もしも自分が「ここを直して欲しい」ということを誰かに言われることを考えたときに、
「ね? わかりますよね?」
などと遠回しに言われたりしたら嫌な気持ちになりますよね?

 

わたしならば「何」が「なぜ」いけないのかをはっきり教えて欲しいですし、その後に、「どのように」それを改善すればいいのかが知りたいです。

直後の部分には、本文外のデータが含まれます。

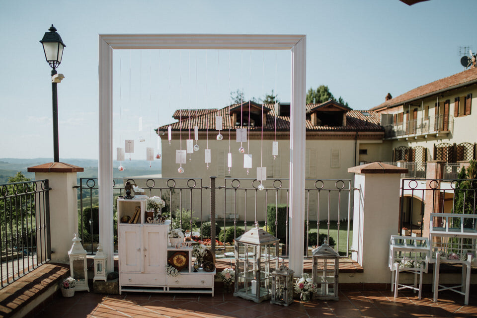 L’aperitivo sulla terrazza è stato un momento ricco di dettagli: dal Kissing tree ai piatti piemontesi, dalla mongolfiera avvistata dai nostri sposi appena giunti al Relais sino alla sorpresa da parte dello sposo. Un momento di condivisione e di emozioni.
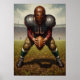 Uma poderosa pintura a óleo de Art Deco que retrata um monumental quarterback feminino em uma armadura de couro cabeludo, sua forma geométrica estilizada definida pela iluminação moody chiaroscuro enquanto se prepara para jogar a bola.

さらに、もしもそれがうまくいかなかった時は一緒にどうすればいいかを考えて欲しいな、とも思います。

 

「自分だったらどう言われたいか」そう考えるのがうまく伝えるコツを掴む早道かもしれません。

 

うまく距離を取れている相手ならば、「親身」な気持ちでも伝えられますし、「譲らない」という厳格な気持ち(言い方ではないので注意)も持つことができます(誰もが守るべきルールの場合)。

 

個人を見る目と全体を見る目

保護者とうまく距離を保つようにという話でした。

これは「個人だけにとらわれない」ということと、「全体だけを気にしてはいけない」という二つの意味も込められています。

保育のクラスを見ていくのと同じです。

クラス全体の先生であり、園児ひとりひとりの先生でもある。
そのようにどの保護者にとっても頼れる、安心できる保護者でいてください。

 

自分の立ち位置をしっかりと見つめ直して、保護者対応を頑張ってくださいね。